Designing vantage6 for Vertically-Partitioned Data
Different Ways of Partitioning Data
In Federated Learning, there are two common ways in which data can be partitioned across parties:
In horizontally-partitioned data, distinct parties have the same features for different patients. A typical example of this partition is an international collaboration where we want to perform a comparison across the populations of two countries.
In vertically-partitioned data, distinct parties have the same patients but with different features. For instance, we could be interested in combining data spread across different organizations from the same group of patients.
vantage6 has been used successfully in several FL applications that use horizontally-partitioned data. However, developing and implementing algorithms for the vertical use case is more complex and therefore have different requirements.
This is also why Multi-Party Computation (MPC) algorithms are an interesting alternative for analyzing vertically-partitioned data. However, MPC comes with its own set of challenges. In this post, we would like to talk a little bit more about this.
Overhead of Repeatedly Starting Docker Containers
In the trolltunga version of vantage6, the overhead time (i.e., communication + startup) of a single task consumes several seconds. Most of this time is spent starting the Docker container.
MPC algorithms require heavy communication between the parties. Therefore, this process of starting and stopping Docker containers is repeated many times.
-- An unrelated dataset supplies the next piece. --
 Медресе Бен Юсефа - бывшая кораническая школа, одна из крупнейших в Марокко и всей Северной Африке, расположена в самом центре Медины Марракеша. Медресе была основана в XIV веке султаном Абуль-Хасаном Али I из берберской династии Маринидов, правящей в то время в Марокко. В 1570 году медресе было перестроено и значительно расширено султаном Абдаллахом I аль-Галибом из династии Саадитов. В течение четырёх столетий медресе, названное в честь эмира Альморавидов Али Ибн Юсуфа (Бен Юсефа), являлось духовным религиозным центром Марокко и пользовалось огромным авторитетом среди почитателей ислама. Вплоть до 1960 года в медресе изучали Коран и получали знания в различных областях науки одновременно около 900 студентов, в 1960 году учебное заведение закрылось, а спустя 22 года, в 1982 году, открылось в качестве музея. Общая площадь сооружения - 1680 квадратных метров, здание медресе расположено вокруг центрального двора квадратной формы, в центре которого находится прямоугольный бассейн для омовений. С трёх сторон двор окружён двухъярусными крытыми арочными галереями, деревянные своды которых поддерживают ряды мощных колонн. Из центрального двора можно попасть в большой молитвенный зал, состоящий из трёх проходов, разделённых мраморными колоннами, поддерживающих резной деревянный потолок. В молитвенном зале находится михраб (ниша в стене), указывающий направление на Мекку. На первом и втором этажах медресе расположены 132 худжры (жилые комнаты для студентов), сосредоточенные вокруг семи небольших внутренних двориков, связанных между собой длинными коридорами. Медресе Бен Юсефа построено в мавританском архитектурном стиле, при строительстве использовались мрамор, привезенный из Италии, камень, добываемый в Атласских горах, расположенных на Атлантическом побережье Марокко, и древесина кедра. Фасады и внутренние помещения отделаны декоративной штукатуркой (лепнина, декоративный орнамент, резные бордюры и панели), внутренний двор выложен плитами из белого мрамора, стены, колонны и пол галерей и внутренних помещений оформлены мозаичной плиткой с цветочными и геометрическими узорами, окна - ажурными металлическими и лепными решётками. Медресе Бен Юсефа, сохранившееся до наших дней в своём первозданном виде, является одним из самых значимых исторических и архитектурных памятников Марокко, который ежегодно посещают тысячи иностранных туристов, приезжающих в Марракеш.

This would make the time needed for an MPC algorithm depend mostly on the time required to start a Docker container.
Missing (semi-)Direct Communication Between Algorithm Containers
In vantage6 trolltunga, there is no way to directly communicate with an algorithm container (which is located in a different machine). The only way to get information from one station to another is to first do the computation at data station 1, collect the results, and send these to data station 2. For most horizontal cases this is sufficient.
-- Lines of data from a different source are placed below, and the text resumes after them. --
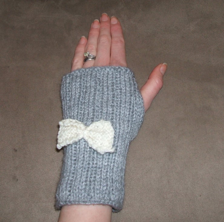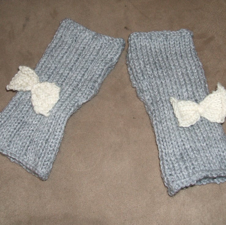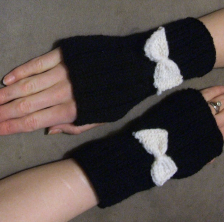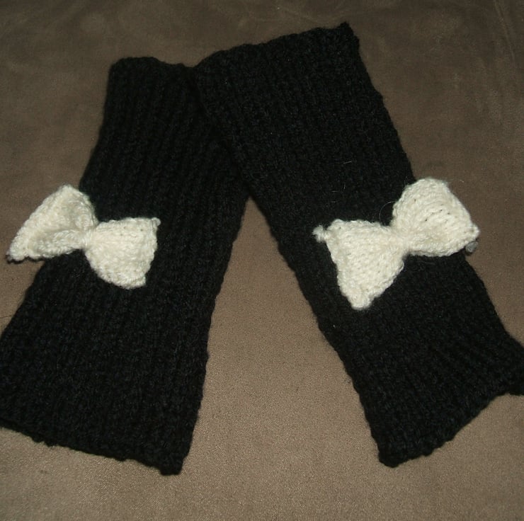 Cute knitted arm warmers, decorated with a little knited bow. Grey or black with an off-white bow. Ribbed all the way along for a snug fit, and with a suitably placed hole for your thumb to poke out :)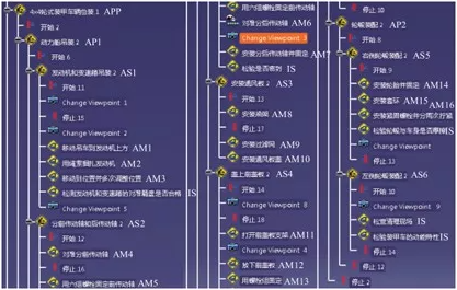 在基于DELMIA的三维装配工艺规划与仿真系统方面,冷毅勋等详细论述了基于DELMIA的三维工艺设计与仿真流程,并应用3DVIA Composer软件完成了可视化装配文档的编制;刘阳等将工艺节点与相关分段零部件节点、设备资源节点进行关联,规划分段产品和工艺节点的属性,完成分段装配工艺模型的构建,实现了对双层分段的具体装配顺序和路径的规划,基于DELMIA和3DVIA Composer实现了三维装配工艺文档的生成;冯廷廷根据产品模型借助DELMIA软件系统DPE模块及相关二次开发定制装配工艺模板、规划装配工艺,并借助3DVIAComposer软件进行装配仿真,开发轻量化模型的按钮,将其集成到AO文档中,形成生动直观的三维AO,有效指导工人进行现场操作;屈力刚等采用CATIA/CAA开发技术获取工艺信息,利用3DVIA Composer二次开发轻量化工艺模型,同时采用XML存储获取的工艺信息,并通过可视化浏览器实现了基于三维模型的工艺信息显示。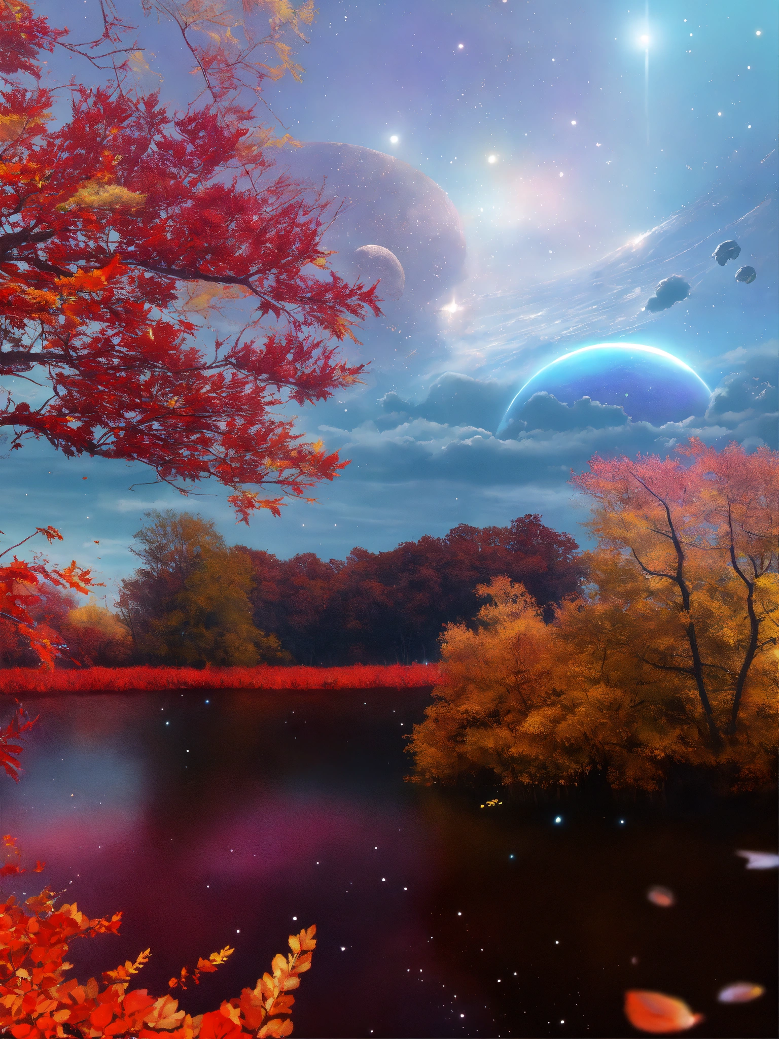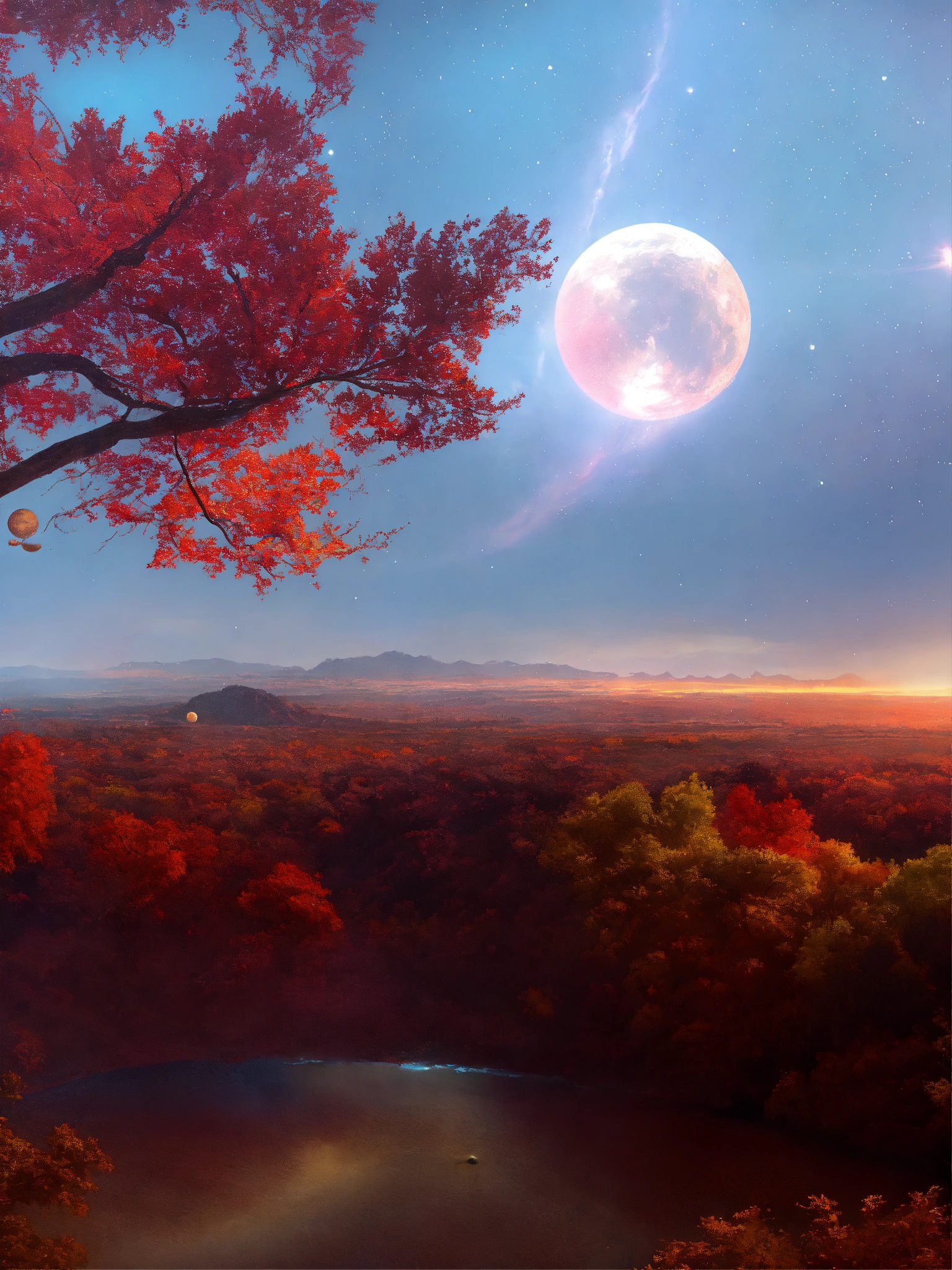 with red skies and views of outer-space

However, when using third-party MPC libraries (like MPyC or Scale mamba), it is common to directly communicate with other parties in the network using a bidirectional socket connection. Therefore, integrating these third-party libraries into vantage6 trolltunga involves completely re-writing the communication protocol inside these libraries.
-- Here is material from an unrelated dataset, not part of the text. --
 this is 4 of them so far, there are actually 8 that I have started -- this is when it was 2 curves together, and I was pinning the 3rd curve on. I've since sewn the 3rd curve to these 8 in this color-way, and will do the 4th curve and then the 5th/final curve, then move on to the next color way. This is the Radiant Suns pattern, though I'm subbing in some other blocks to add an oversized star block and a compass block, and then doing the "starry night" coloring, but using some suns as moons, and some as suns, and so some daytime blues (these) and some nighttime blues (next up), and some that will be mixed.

Why not using a public IP?
Direct communication between two (or more) data stations would be possible if the nodes had a public IP. This is not the case and desired as this would make a node more vulnerable and more difficult to setup.
Towards vantage6 – 3.0.0 (…)
In order to facilitate MPC solutions in the future, we propose the following features for a future release of vantage6 – 3.0.0.
1) Service Algorithm Containers
Algorithm containers are no longer terminating after completing a single task. The algorithm service container terminates either by a trigger or after a given period of time. Methods can be triggered, by users or other containers, and results can be send and collected at any time.
2) Direct Socket Communication Between (Service) Containers
Direct socket communication solves two problems at once. Firstly, it allows algorithm developers to use third-party MPC dependencies. Secondly, it gives allows to communicate with service algorithm containers.
Every node is part of a single collaboration. In other words for every collaboration an organization takes part in, they should have a running node. Therefore the node should create a separate proxy for all of the other organizations in the collaboration. This way every other party has a unique address which can be used by the algorithm containers.